Linda P. Dwoskin*, B. Matthew Joyce, Guangrong Zheng, Nichole M. Neugebauer, Vamshi K. Manda, Paul Lockman, Roger L. Papke, Michael T. Bardo, Peter A. Crooks

*Corresponding author for this work

Research output: Contribution to journalArticlepeer-review

8 Scopus citations

Abstract

Limitations in efficacy and high relapse rates of currently available smoking cessation agents reveal the need for more efficacious pharmacotherapies. One strategy is to develop subtype-selective nicotinic receptor (nAChR) antagonists that inhibit nicotine-evoked dopamine (DA) release, the primary neurotransmitter involved in nicotine reward. Simple alkylation of the pyridino N-atom converts nicotine from a potent agonist into a potent antagonist.
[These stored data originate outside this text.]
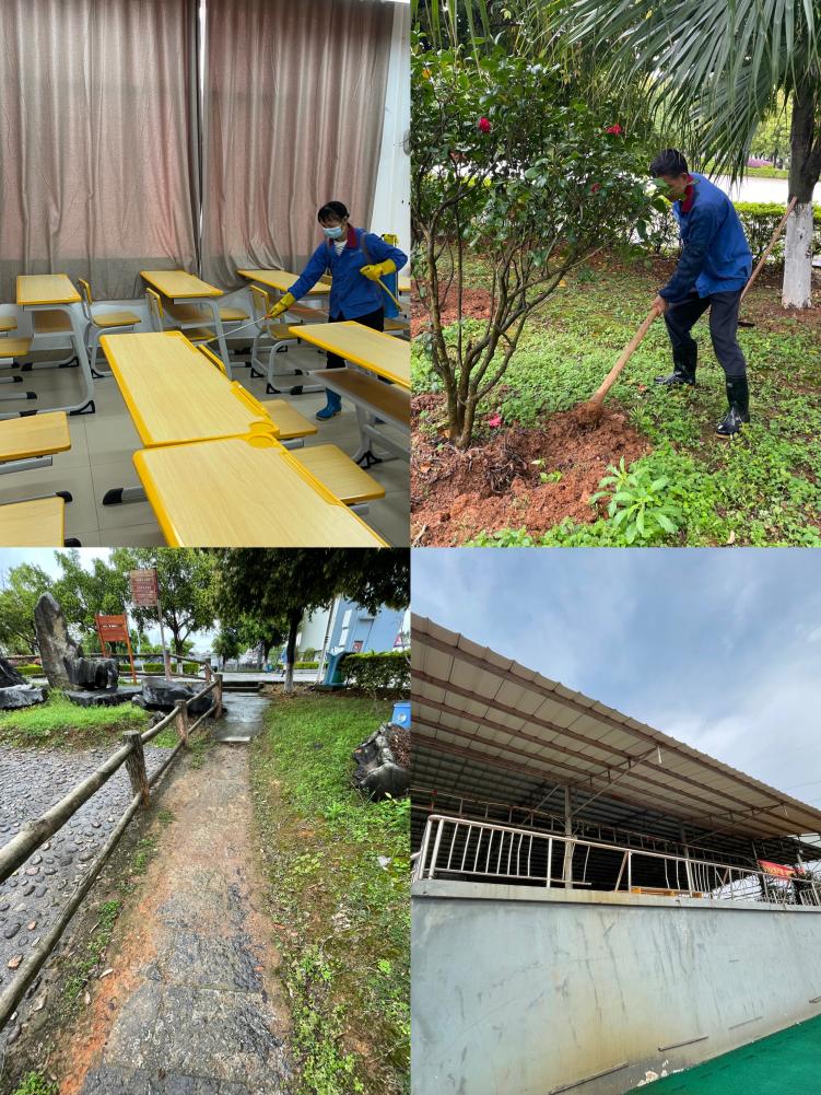 最后绿化保洁人员根据校防疫要求做好相关防疫工作,加强公共区域消毒通风,同时做好春季相关植物养护以及移植工作。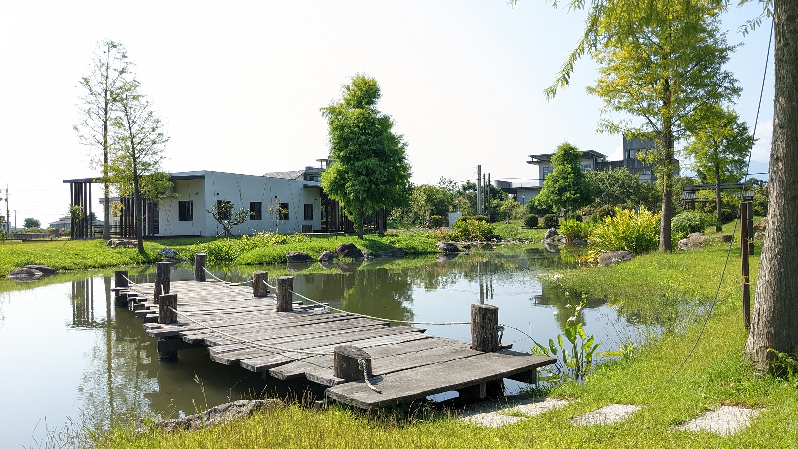 佔地廣闊的悠靜花園,園內周邊有四季果樹,蒼勁的落羽松,晝舒夜卷的花中睡美人,空氣中飄著淡淡的玉蘭花香、野薑花香、草香還有調皮微風輕吹的鞦韆,這裡是野鴨、白鷺與各種鳥類逐漸習慣棲息的生態園區,就坐落在陳定南紀念館正對面,值得您將寧靜的心靜置其間。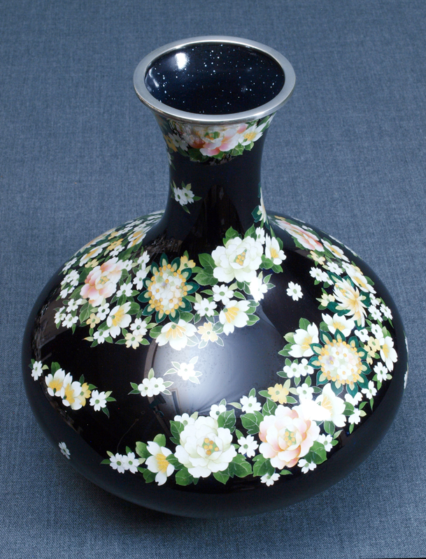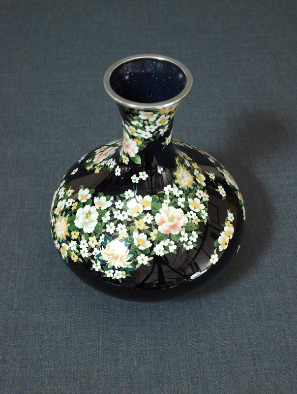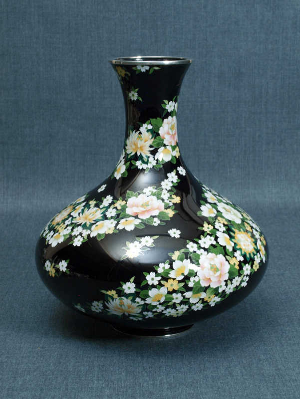 細い首部分から繋がる豪華な花柄が、優雅で艶やかな世界を表現している。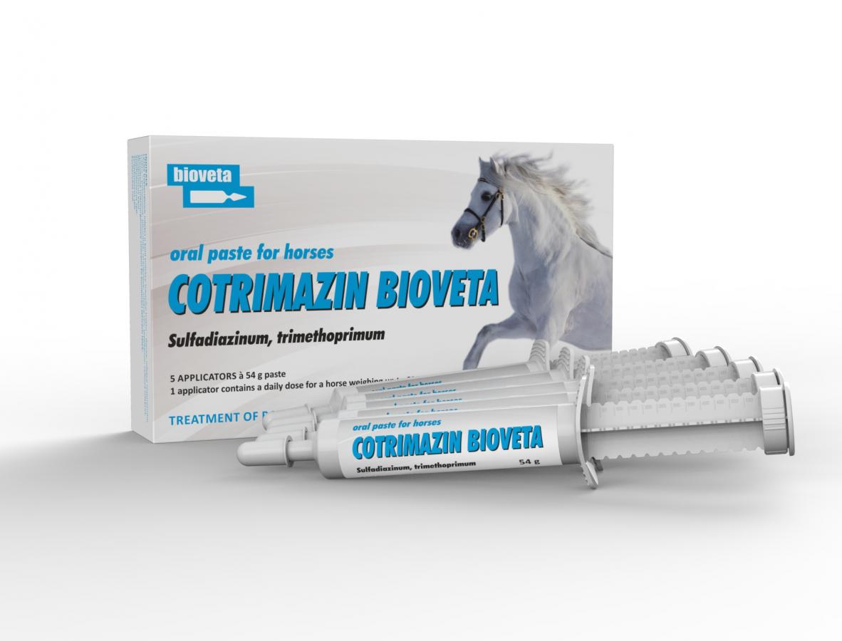 Homepage Products Veterinary products COTRIMAZIN Bioveta 288.2/58.0 mg/g oral paste Trimethoprimum, sulfadiazinum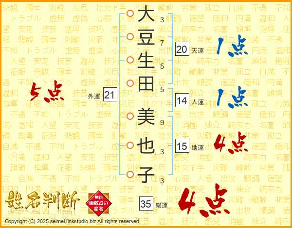 大(3画)豆(7画)生(5画)田(5画) 美(9画)也(3画)子(3画)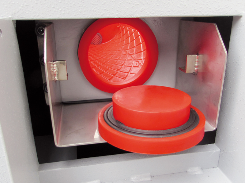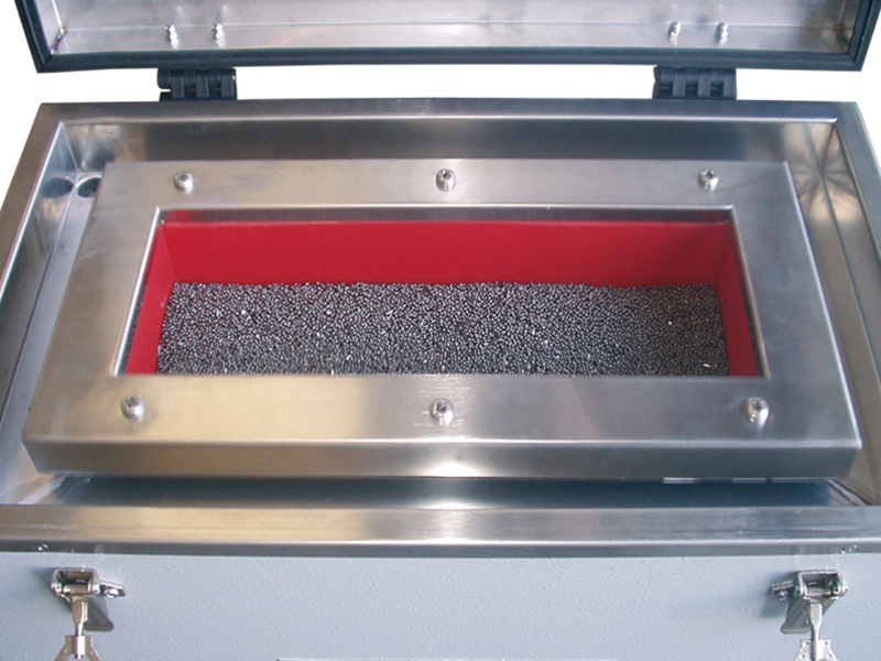 Vibratore rettangolare con telaio e coperchio insonorizzati e vasca rivestita in poliuretano antiabrasivo.

The classical antagonists, hexamethonium and decamethonium, differentiate between peripheral nAChR subtypes. Using a similar approach, we interconnected varying quaternary ammonium moieties with a lipophilic linker to provide N,N′-bis-nicotinium analogs, affording a lead compound, N,N′-dodecyl-1,12-diyl-bis-3-picolinium dibromide (bPiDDB), which inhibited nicotine-evoked DA release and decreased nicotine self-administration. The current work describes a novel compound, 1-(3-picolinium)-12-triethylammonium-dodecane dibromide (TMPD), a hybrid of bPiDDB and decamethonium. TMPD completely inhibited (IC50 = 500 nM) nicotine-evoked DA release from superfused rat striatal slices, suggesting that TMPD acts as a nAChR antagonist at more than one subtype. TMPD (1 μM) inhibited the response to acetylcholine at α3β4, α4β4, α4β2, and α1β1εδ receptors expressed in Xenopus oocytes. TMPD had a 2-fold higher affinity than choline for the blood-brain barrier choline transporter, suggesting brain bioavailability. TMPD did not inhibit hyperactivity in nicotine sensitized rats, but significantly and specifically decreased nicotine self-administration. Together, the results suggest that TMPD may have the ability to reduce the rewarding effect of nicotine with minimal side effects, a pharmacological profile indicative of potential clinical utility for the treatment of tobacco dependence.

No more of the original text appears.